[Start of Attachment]

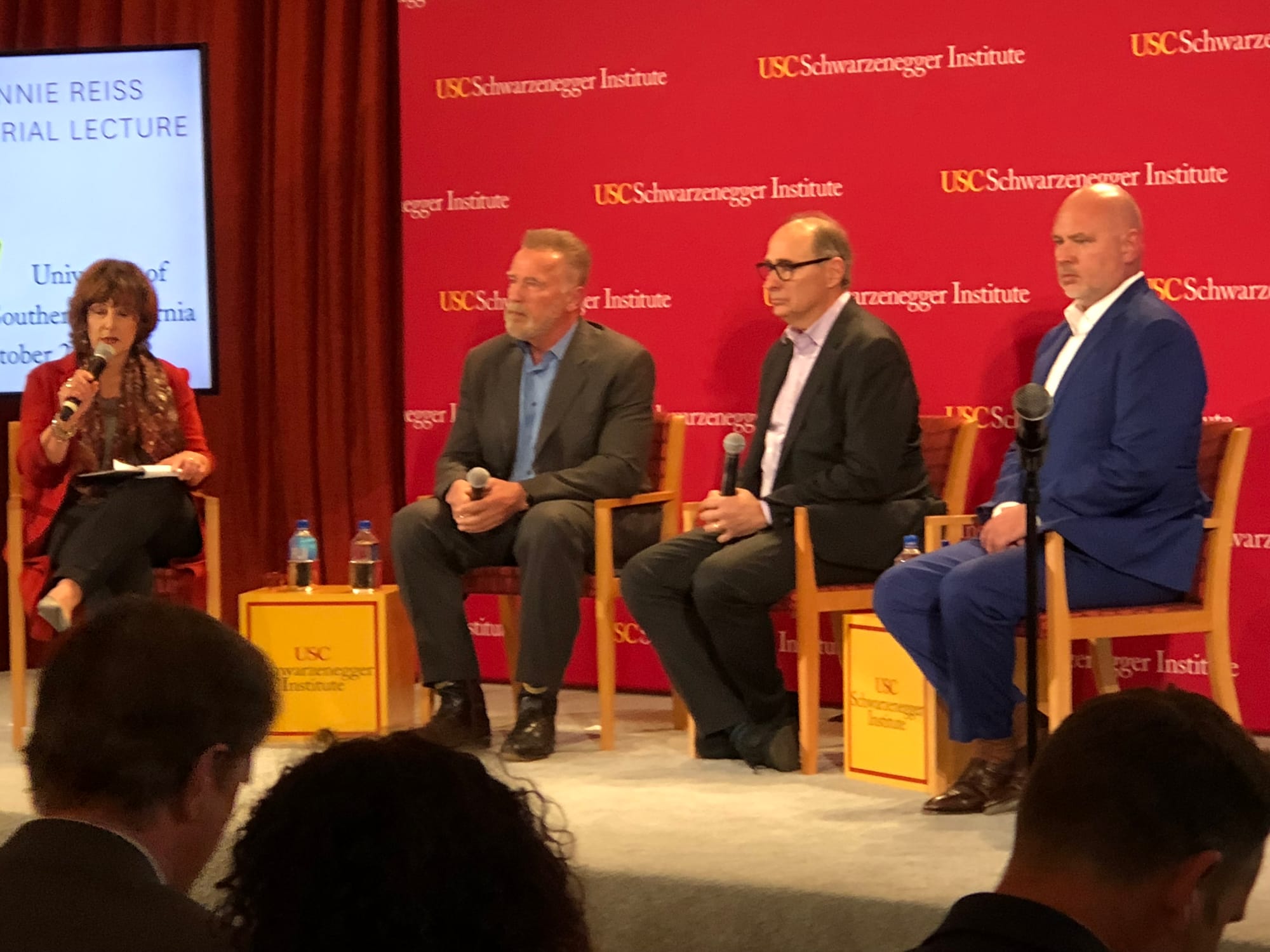 The lecture — Bonnie had insisted that she did not want a memorial — was designed to be a public rendering of the state of the political divide in America, just before the midterms. Arnold Schwarzenegger — who inspired, named and funded an institute at USC where the event took place — gave a moving and oftentimes hilarious tribute to her, her years in his administration while he was governor, and their personal friendship.
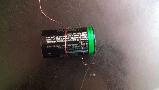 Guíese por la batería de la célula de D y enrolle el cable alrededor de la batería y envolver el alambre extra alrededor de la bobina recién formado.
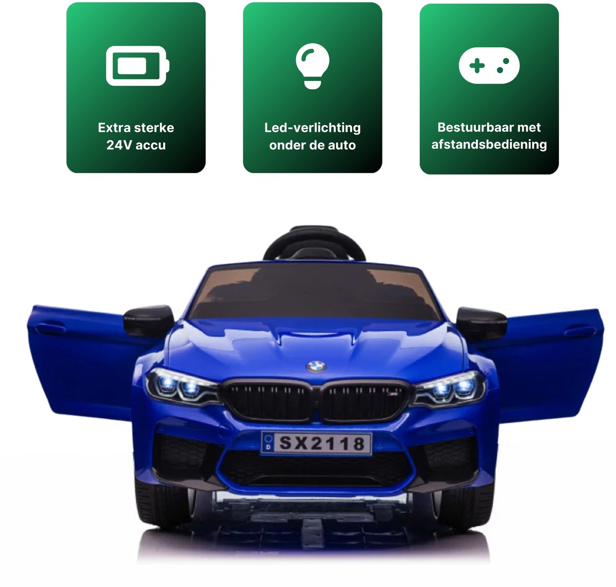 Neu bei CarKiddo: der beliebte BMW M5 in extragroßer Ausführung , 24-V-Batterie. Mit seiner 24-V-Batterie ist dieses BMW M5 Elektro-Kinderauto ein auffälliges Modell. Sie fragen sich vielleicht: Inwieweit ist das ein echtes BMW-Auto? Dieses Kinderauto ist offiziell zugelassen und somit ein echtes BMW M5 Kinderauto. Wenn Sie selbst einen BMW fahren, ist es etwas ganz Besonderes, Ihrem Kind einen BMW M5 24V zu schenken. Dann kann es im selben Auto wie Mama und Papa mitfahren. Das regt die Fantasie eines Kindes wirklich an. Ausgestattet mit einem beleuchteten Armaturenbrett, Beleuchtung im Beinraum und sogar Beleuchtung unter dem Auto! Aber dieses elektrische BMW-Kinderauto hat noch mehr Funktionen, die den Kauf dieses Modells lohnenswert machen.
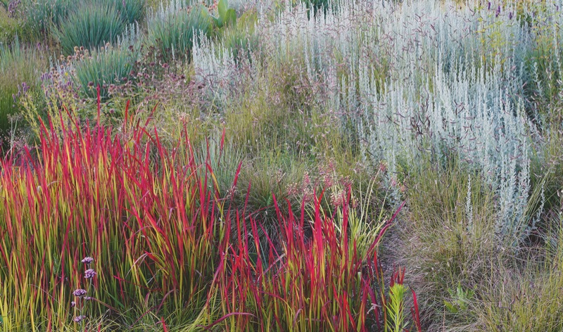 Cambio di collocazione in uno spazio molto ristretto: Imperata cylidrica ‘Red Baron’ nel fosso asciutto, Artemisia ludoviciana ‘Silver Carpet’ con Bouteloua gracilis nel secco e caldo terrapieno Foto: Til Hofmann
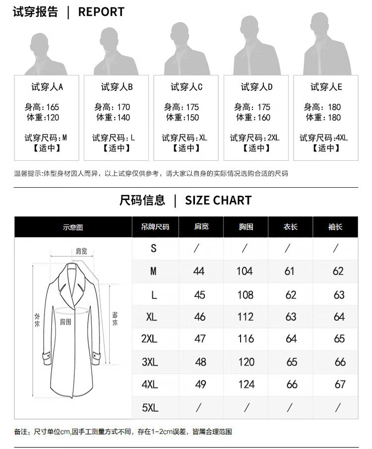 China (cm) 165 / 88-90 170 / 96-98 175 / 108-110 180 / 118-122 185 / 126-130
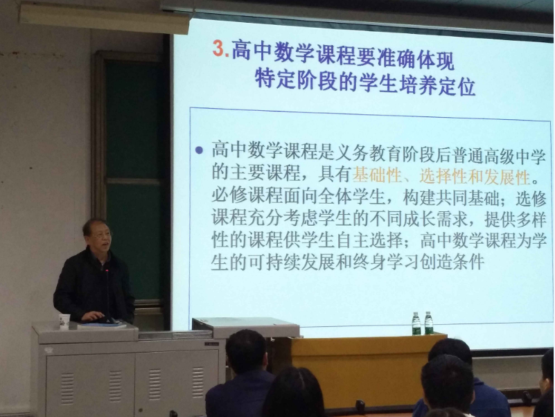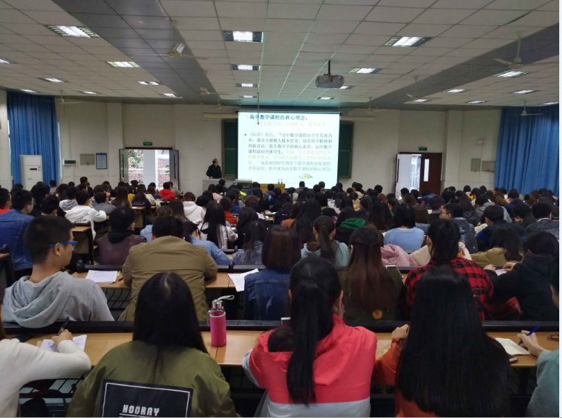 3月28日下午,重庆师范大学原副校长、博士生导师、教育部《国家课程标准》研制专家组成员、国家中小学教材审定审查委员黄翔教授莅临我校做题为:《高中数学课程标准(2017年版)》解读的专题讲座。黄翔教授围绕培养什么样的人、怎样培养人这一主线,详细解读了高中数学课标修订的背景与意义、高中数学课程的性质、高中数学课程的基本理念、高中数学课程内容的设置、数学核心素养的内涵。黄翔教授特别指出,未来高中数学部分选修课程要与音乐、美术、体育等学科交叉融合,这对大学师范教育提出了新的挑战,他殷切的希望学生们能努力学习,不断提升自己素养,为适应未来数学教育挑战作好准备,讲座中黄翔教授还回答了部分师生提出的问题。数学与财经学院2014级、2015级、2016级师范专业学生以及数学系部分教师参加了讲座,讲座让与会师生领略到了黄翔教授的知识渊博和学术魅力,了解了中小学数学教育的前沿内容。
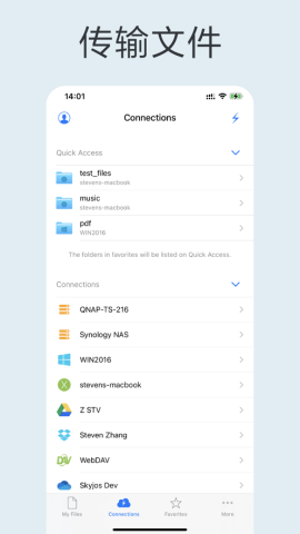 2、通过SMB协议直接连接PC、Mac和NAS上的共享文件夹,完美支撑NFS、WebDAV、FTP和SFTP等服务。它也无缝连接云存储服务,包括百度网盘、AmazonS3、Dropbox、OneDrive、GoogleDrive和Box,让您随时访问USB驱动器和SD卡。特别值得一提的是,其批量传输功能可同时处理上百个文件,传输速度比普通方式快3倍以上。
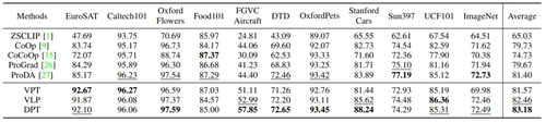 本方法在11个下游数据集上进行了实验,图4展示了本方法在ViT-B/32与ViT-B/16两种视觉编码器上不同shot数下的平均精度,表1与表2分别展示了本方法在ViT-B/32与ViT-B/16两种视觉编码器上16shot情况下与其他先进方法的结果对比。可⻅我们的双模态提⽰策略相较于单模态提⽰有了提升。⽽在CAVPT的辅助下,DPT相较于VLP取得了进一步提升。
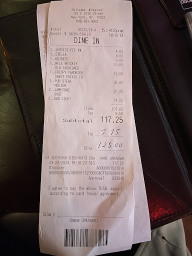 Met up with my wife on 1/18 /23 at about 6pm for dinner near our new apartment .The bar crowded/lively on Wednesday evening though almost all the tables in the back area were empty... front and back hostess stands both empty...asked for a table for 2 for dinner to the confused younger man after we walked to the deserted back of the restaurant . he pointed to a table for 4 and said he couldn't seat us there (we asked for a table for 2 not 4) ...We pointed to the empty table for 2 in the back (almost all the tables were empty regardless) & he looked perplexed and then went and spoke to the bartender for a good 2-3 minutes(can not imagine what they were talking about but kept looking over at us. ) .The bartender then shook her head no disapprovingly as she looked over at us again (?!...Bizarre., maybe they didn't want anyone older than 20s/30s... i have no idea ,we were simply meeting there after work. My wife was very upset at how we were treated and she is extremely laid back. .Honestly, this was the Worst experience we have ever had in a restaurant and we eat out multiple times per week x 20 years). We recently moved to the neighborhood and eat out/order out most nights --have already taken out from Side door (food mediocre but we liked the idea of supporting our neighborhood sports bar and figured we would try eating in) .BTW we were also going to take back another 2 meals for our kids that eve , Anyway ,we walked out bewildered and decided to walk for a minute as we were both upset ..walked over to try a new place to us, Yara--excellent place with live music om 53rd and 2nd (a little pricier but when we did takeout from sidedoor a few weeks earlier , the salad with protein cost 25$ so Yara wasnt much of a stretch in price but big difference in quality and atmosphere ). Anyway, given that Side Door is within steps from our apartment...and we eat out a lot as a family and with groups of friends ..this incident will cost side door a good of amount of business indefinitely. Never...
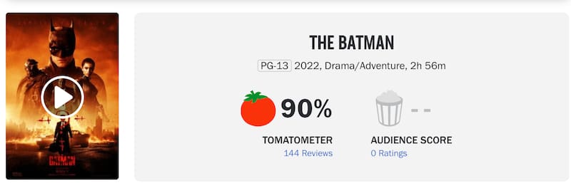 Así, mientras ya hay varias reseñas que hablan en detalle sobre lo que dejó en la crítica la película protagonizada por Robert Pattinson, para los fanáticos de los datos también se habilitó la página de The Batman en Rotten Tomatoes.
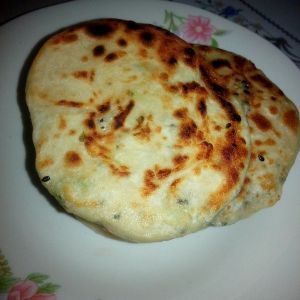 趁着发面的功夫,用锅将芝麻炒香。把葱切成葱末。

[End of Attachment]

## The problem
Pictures stay out; output the lines from the top of the listing above through the line containing "Cambio di collocazione", exactly as they stand.

## Result for this task
 The lecture — Bonnie had insisted that she did not want a memorial — was designed to be a public rendering of the state of the political divide in America, just before the midterms. Arnold Schwarzenegger — who inspired, named and funded an institute at USC where the event took place — gave a moving and oftentimes hilarious tribute to her, her years in his administration while he was governor, and their personal friendship.
 Guíese por la batería de la célula de D y enrolle el cable alrededor de la batería y envolver el alambre extra alrededor de la bobina recién formado.
 Neu bei CarKiddo: der beliebte BMW M5 in extragroßer Ausführung , 24-V-Batterie. Mit seiner 24-V-Batterie ist dieses BMW M5 Elektro-Kinderauto ein auffälliges Modell. Sie fragen sich vielleicht: Inwieweit ist das ein echtes BMW-Auto? Dieses Kinderauto ist offiziell zugelassen und somit ein echtes BMW M5 Kinderauto. Wenn Sie selbst einen BMW fahren, ist es etwas ganz Besonderes, Ihrem Kind einen BMW M5 24V zu schenken. Dann kann es im selben Auto wie Mama und Papa mitfahren. Das regt die Fantasie eines Kindes wirklich an. Ausgestattet mit einem beleuchteten Armaturenbrett, Beleuchtung im Beinraum und sogar Beleuchtung unter dem Auto! Aber dieses elektrische BMW-Kinderauto hat noch mehr Funktionen, die den Kauf dieses Modells lohnenswert machen.
 Cambio di collocazione in uno spazio molto ristretto: Imperata cylidrica ‘Red Baron’ nel fosso asciutto, Artemisia ludoviciana ‘Silver Carpet’ con Bouteloua gracilis nel secco e caldo terrapieno Foto: Til Hofmann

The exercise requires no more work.